At the same time, obsessed Flaco fans scoured the internet to find out more about his past hatched on March 15, 2010 in the Sylvan Heights Bird Park in Scotland Neck, NC He apparently had younger and older siblings named Gertrude, Salazar, Stan, Morrisey, Boston, and Thatcher; and its parents, Xena and Watson, were the offspring of Martina and Sinbad, and Nyra and Ezra, respectively – owls who their lineage back to Eurasian eagle owls from Europe. The noted German-born photographer Anke Frohlich that some New Yorkers identified with Flaco as a fellow immigrant, another outsider learning to live as “a stranger in a strange land.”

New Yorkers have a long love affair with owls and embrace the bird as a traditional symbol of wisdom. There is a little owl hidden on Columbia University's Alma Mater statue, and many early 20th century public schools featured owl sculptures—notably PS 110, the Florence Nightingale Schoolof which there were about two dozen owl statues sat on his roof.

In recent years, New Yorkers no longer had to rely on fake owls for their regular owl fix. At the height of the pandemic, a series of real owls appeared and brought residents out of their Covid hibernation into the restorative atmosphere of Central Park. Barry the barred owl landed in Manhattan in October 2020. She was followed by a young snowy owl who visited Central Park in January 2021 and a year later by Geraldine the great horned owl, who was doing well in the park despite an injured foot.
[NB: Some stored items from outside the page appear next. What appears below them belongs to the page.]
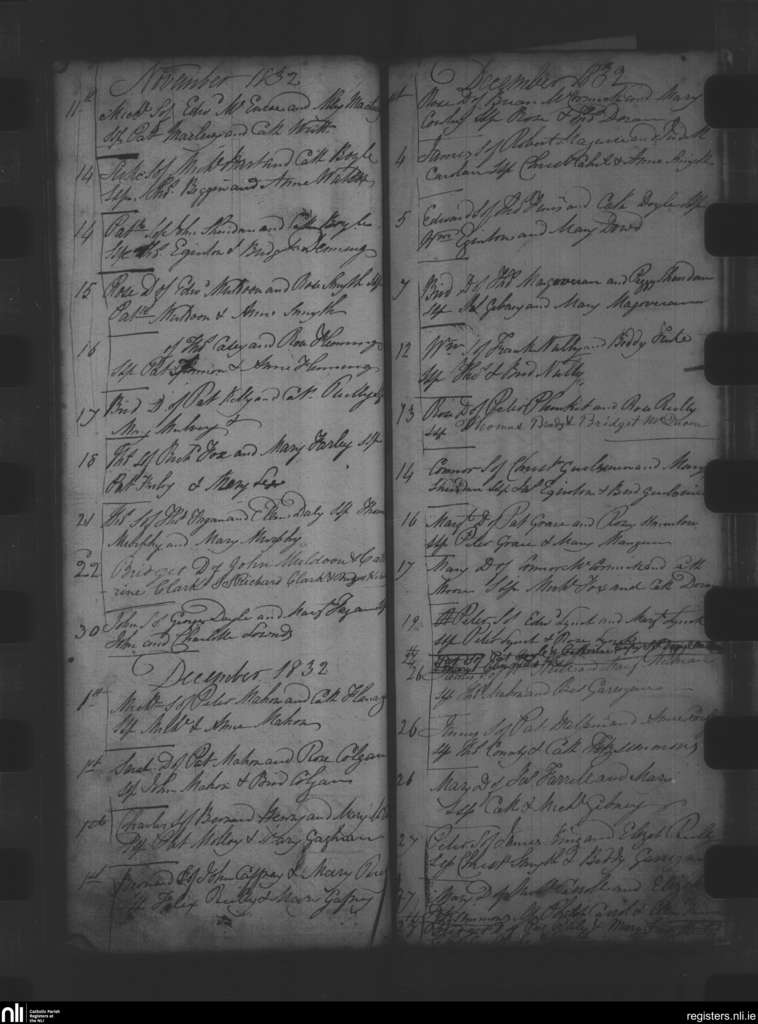 Oldcastle; County of Meath; Diocese of Meath. Baptisms, Nov. 1832 to Dec. 1832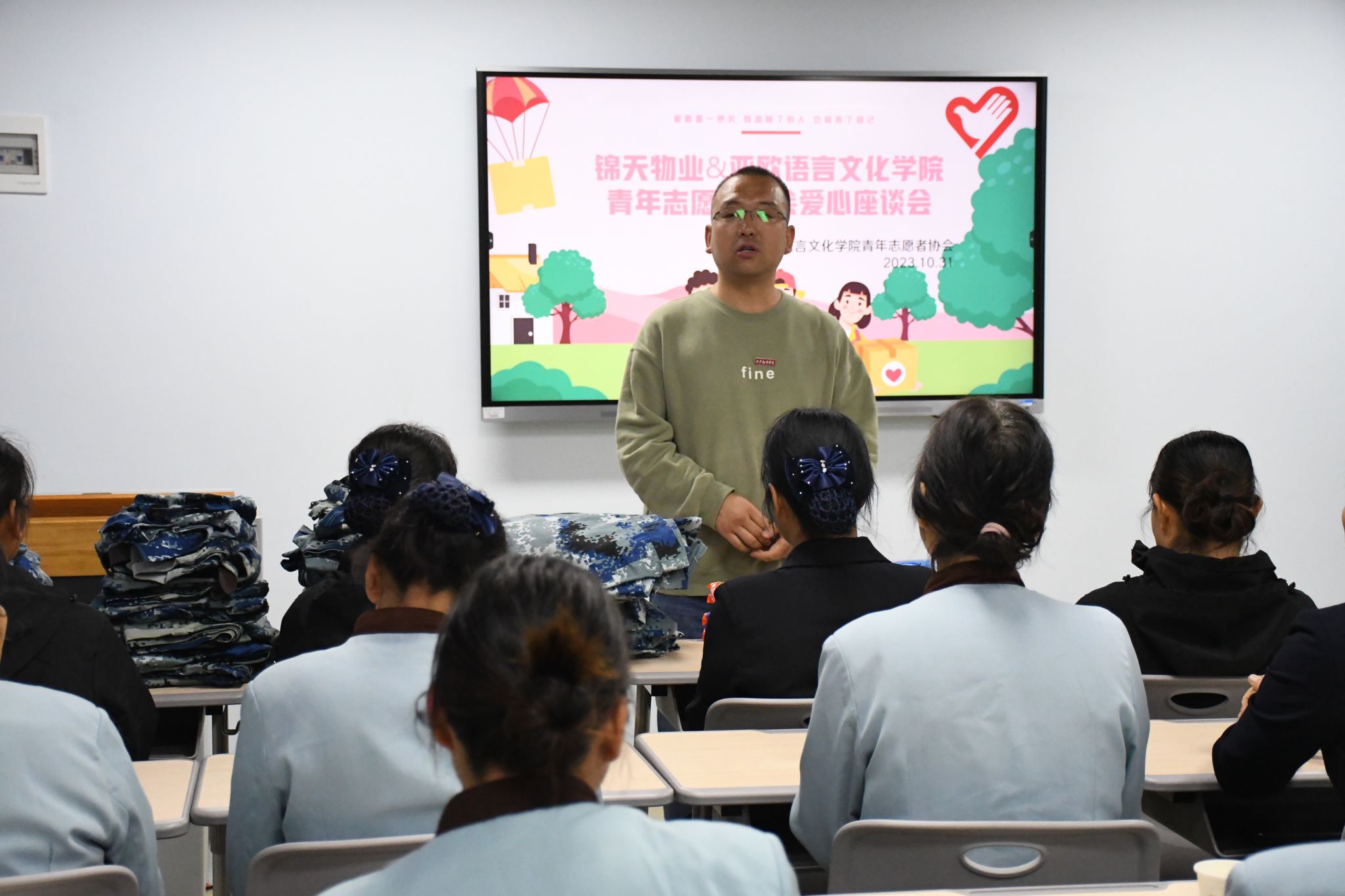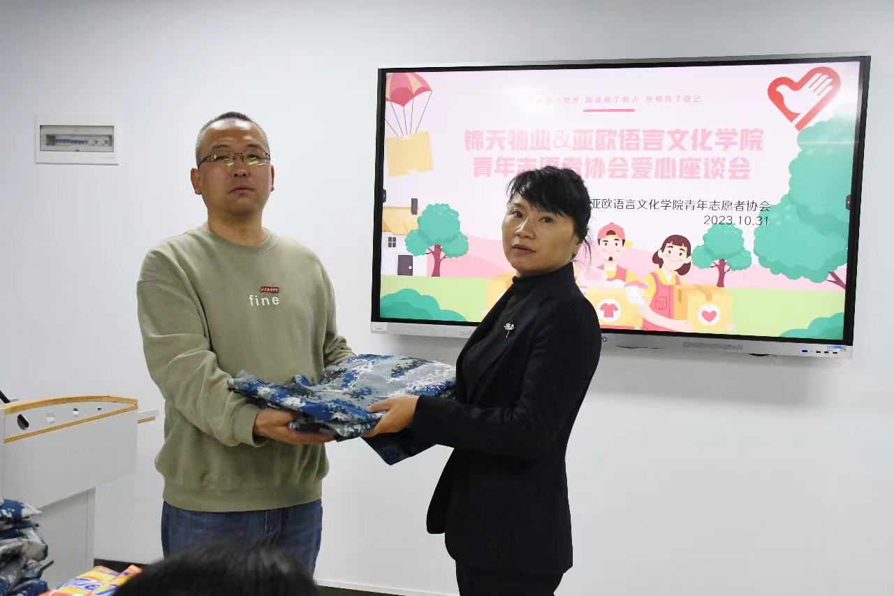 陈福礼表示,非常感谢锦天物业各位保洁阿姨的辛勤付出,为大家创造了整洁优美的学习、工作和生活环境,但这种美丽的环境需要每一位学生将之保持,从自身做起,为建设美丽西译共同努力。同时,他也希望同学们能够了解到劳动的价值和意义,增强自我管理和组织协调能力,感受到自己作为一名公民应该承担的社会责任,提高社会责任感和使命感。为表达感谢,学院青年志愿者协会组织了捐赠军训服的活动,将同学们的这份爱和温暖,传递在每一位保洁阿姨的手中。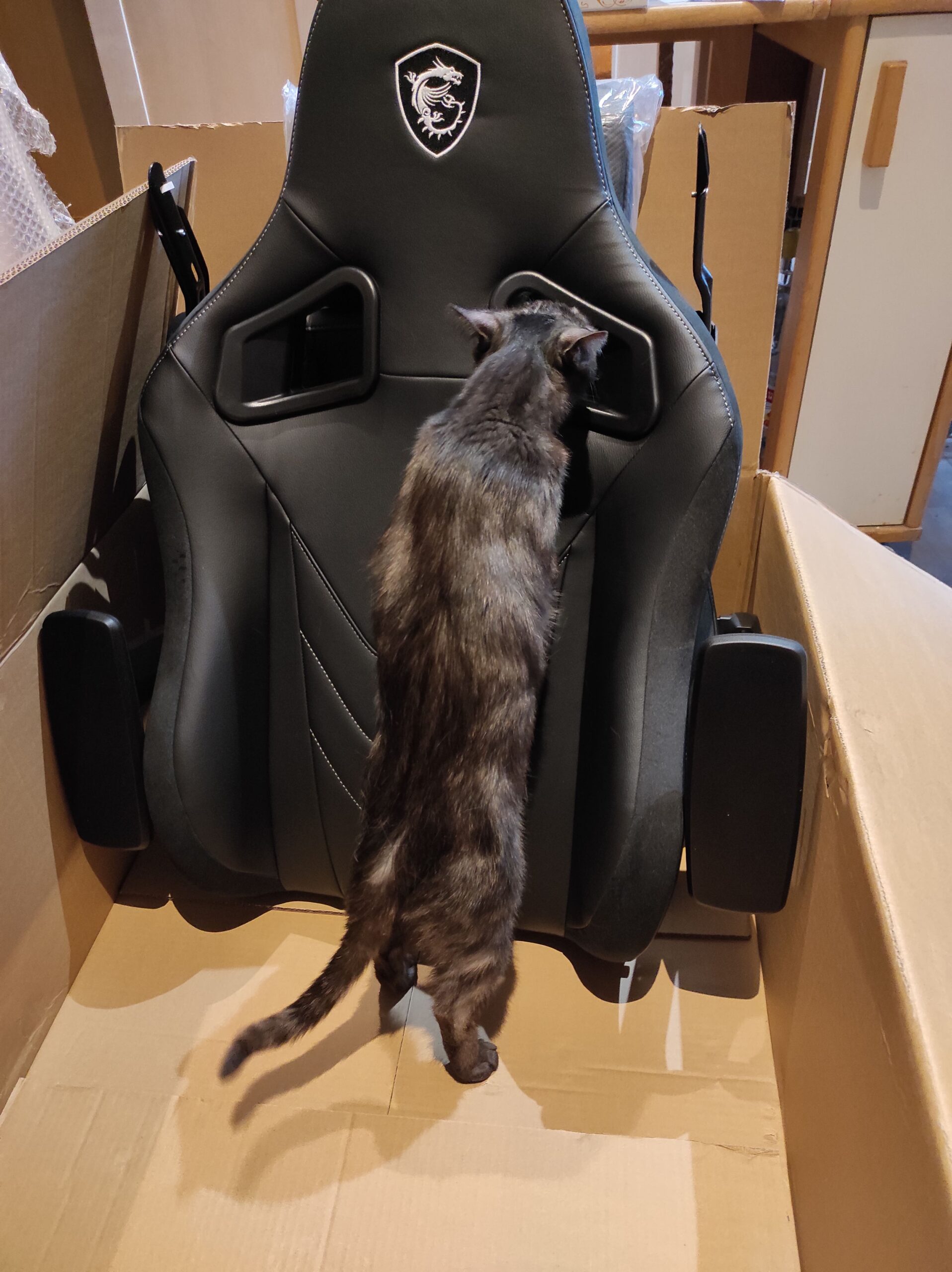 Effectivement, je vis toujours sur ce même siège et en suis toujours très content. Quant au chat… franchement, chaque fois que je quitte le fauteuil, et particulièrement la nuit, je pose un coussin dessus, après avoir fait l’erreur d’avoir laissé le petit monstre s’y installer et y planter ses griffes une fois. De même, quand le siège est trop près de l’arbre à chats, il arrive audit monstre de tendre les pattes pour donner de petits coups de griffe sur les côtés. Bon, le siège étant quand même de très bonne qualité, cela fait des traces presque invisibles, qu’il faut chercher pour les voir, mais il faut accepter l’idée qu’il sera forcément un peu marqué à terme et faire un minimum attention. J’espère avoir pu répondre convenablement, et n’hésite pas si tu as d’autres questions !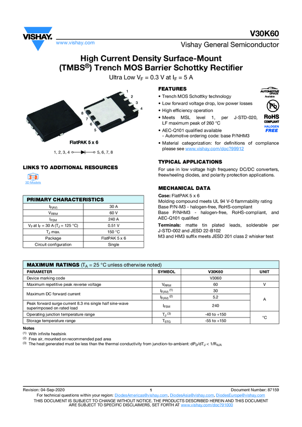 V30K60 High Current Density Surface-Mount (TMBS®) Trench MOS Barrier Schottky...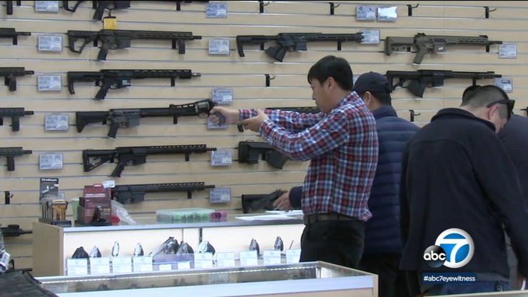 Покупатели в магазине оружия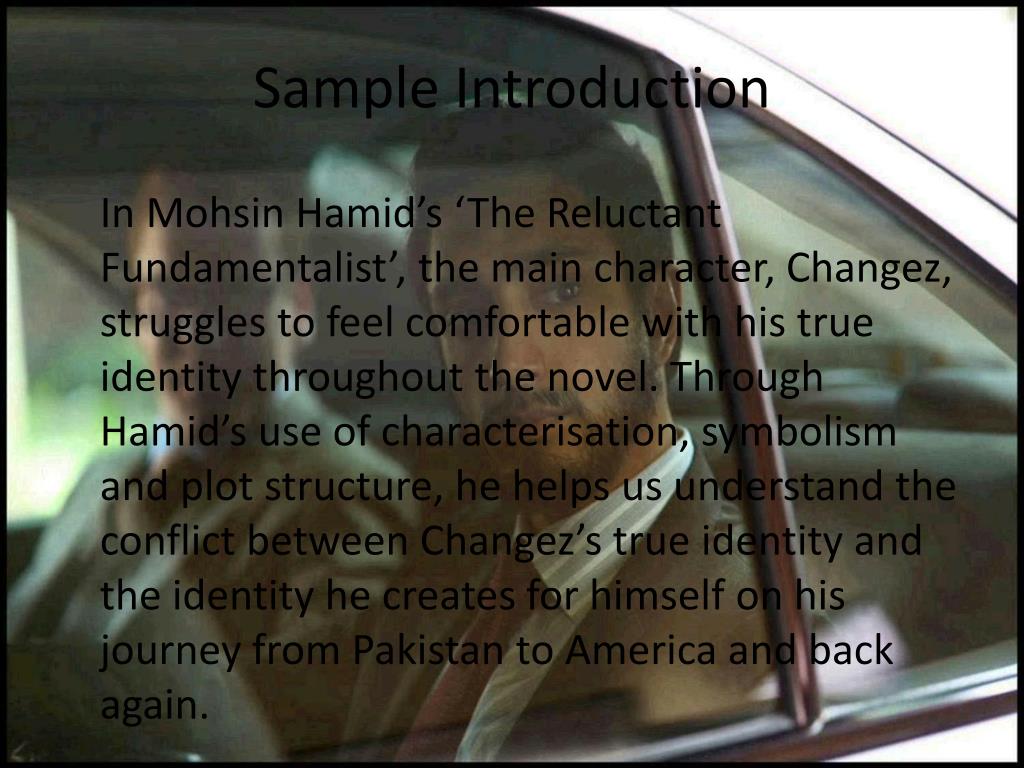 Sample Introduction In Mohsin Hamid’s ‘The Reluctant Fundamentalist’, the main character, Changez, struggles to feel comfortable with his true identity throughout the novel. Through Hamid’s use of characterisation, symbolism and plot structure, he helps us understand the conflict between Changez’s true identity and the identity he creates for himself on his journey from Pakistan to America and back again.

However, none of these visitors captured the public imagination as much as Flaco and his story of transformation. The owl, once described by a frequent zoo visitor as a grumpy and slightly chubby bird, has reinvented itself as New York's most majestic bird of prey – the 'Prince of the City'. the dancer Heather Watts said itwhich has become a fascinating symbol of freedom, resilience and the possibility of innovation.

Michiko Kakutani is the author of the forthcoming book “The Great Wave: The Era of Radical Disruption and the Rise of the Outsider.”